Finding Overlapping Groups

# Find genes that belong to multiple groups of interest

# Get members from different groups
group1 <- hgnc_group_members("Transcription factors")$symbol
group2 <- hgnc_group_members("Zinc fingers")$symbol

# Find overlap
overlap <- intersect(group1, group2)
cat("Genes in both groups:", length(overlap), "\n")
cat("Examples:", paste(head(overlap, 10), collapse = ", "), "\n")

# Find unique to each group
unique_to_group1 <- setdiff(group1, group2)
unique_to_group2 <- setdiff(group2, group1)

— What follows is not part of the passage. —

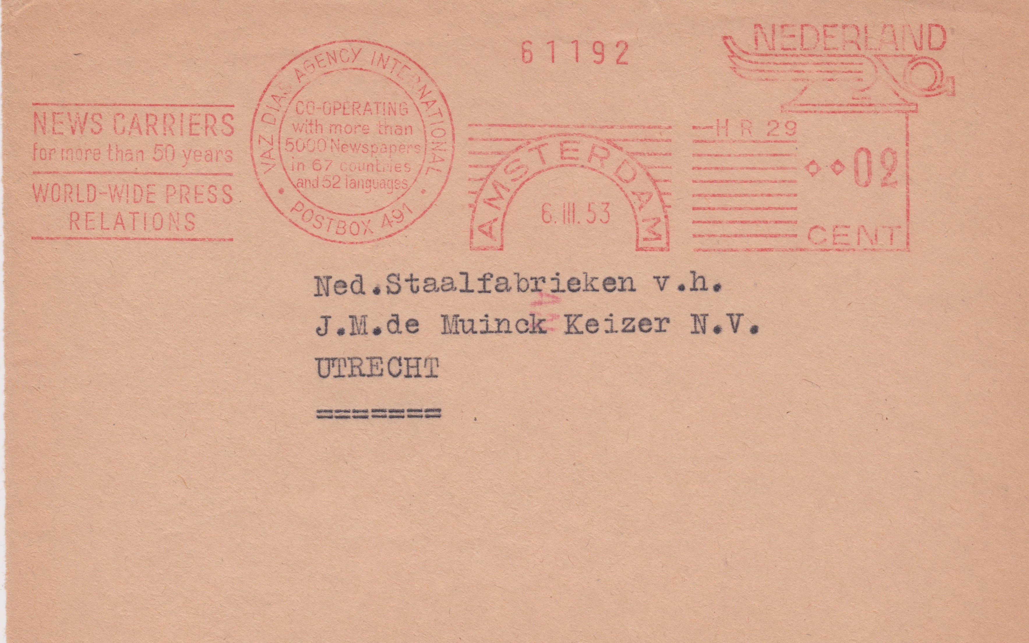Dieser am 06.03.1953 in AMSTERDAM aufgegebene Beleg erhielt in Utrecht eine Eingangscodierung "AN" per Transorma:

cat("\nUnique to group 1:", length(unique_to_group1), "\n")
cat("Unique to group 2:", length(unique_to_group2), "\n")

Temporal Analysis

Track changes in gene groups over time:

# Get group members
group_genes <- hgnc_group_members("Protein kinases")$symbol

# Check for recent changes to these genes
recent_changes <- hgnc_changes(
  since = Sys.Date() - 365,
  change_type = "all"
)

# Filter for genes in our group
group_changes <- recent_changes$changes[
  recent_changes$changes$symbol %in% group_genes,
]

if (nrow(group_changes) > 0) {
  cat("Changes to protein kinases in last year:\n")
  print(group_changes[, c("symbol", "date_modified")])
} else {
  cat("No changes to protein kinases in the last year.\n")
}

Creating Custom Gene Collections

Workflow for Literature-Based Panels

# Start with genes from a specific biological process

# 1. Search for relevant groups
autophagy_groups <- hgnc_search_groups("autophagy")

# 2. Get initial gene set
# autophagy_genes <- hgnc_group_members("Autophagy")$symbol

# 3. Add genes from literature (hypothetical)
literature_genes <- c("BECN1", "ATG5", "ATG7", "LC3A", "LC3B")

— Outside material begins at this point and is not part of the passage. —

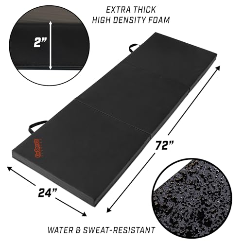GoSports 2 inch Thick 6 ft x 2 ft Tri-Fold Exercise Fitness Mat – Great For Workouts, Yoga, Stretching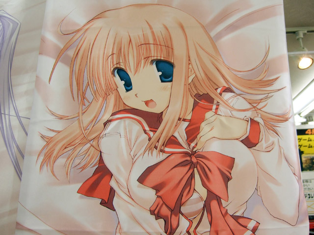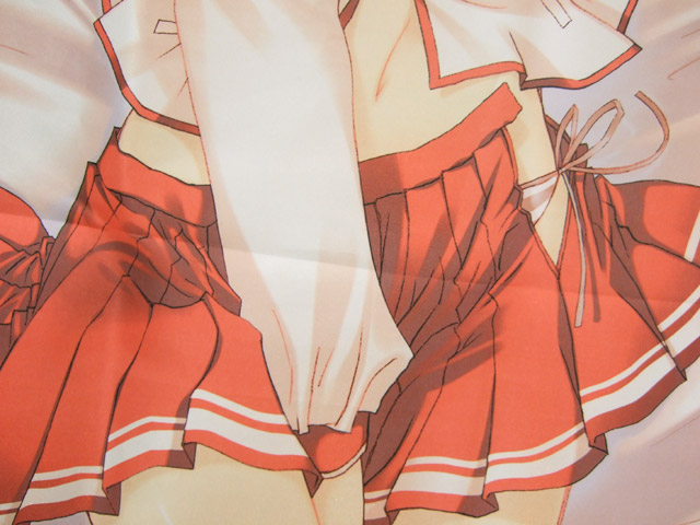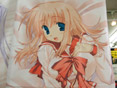 「はるみ抱き枕カバー」のサンプル展示の様子。

# 4. Combine and deduplicate
# combined_panel <- unique(c(autophagy_genes, literature_genes))

# 5. Validate and normalize
# result <- hgnc_normalize_list(combined_panel)
# validated_panel <- result$results$symbol

# 6. Document provenance
# panel_info <- list(
#   name = "Autophagy Gene Panel",
#   version = "1.0",
#   date = Sys.Date(),
#   source_groups = autophagy_groups$gene_group_name,
#   literature_additions = literature_genes,
#   total_genes = length(validated_panel)
# )

Building Disease-Specific Panels

# Example: Build a cardiomyopathy panel

# 1. Search for cardiac-related groups
cardiac_groups <- hgnc_search_groups("cardiac")
cardio_groups <- hgnc_search_groups("cardio")

# View available groups
all_cardiac <- rbind(cardiac_groups, cardio_groups)
unique_cardiac <- unique(all_cardiac)

cat("Cardiac-related groups:\n")
print(unique_cardiac$gene_group_name)

# 2. Select relevant groups and get members
# cardiomyopathy_genes <- hgnc_group_members("Cardiomyopathy")$symbol
# ion_channels <- hgnc_group_members("Cardiac ion channels")$symbol

# 3. Combine
# cardio_panel <- unique(c(cardiomyopathy_genes, ion_channels))

# 4. Add known genes from clinical guidelines
# guideline_genes <- c("MYH7", "MYBPC3", "TNNT2", "TNNI3", "TPM1")
# complete_panel <- unique(c(cardio_panel, guideline_genes))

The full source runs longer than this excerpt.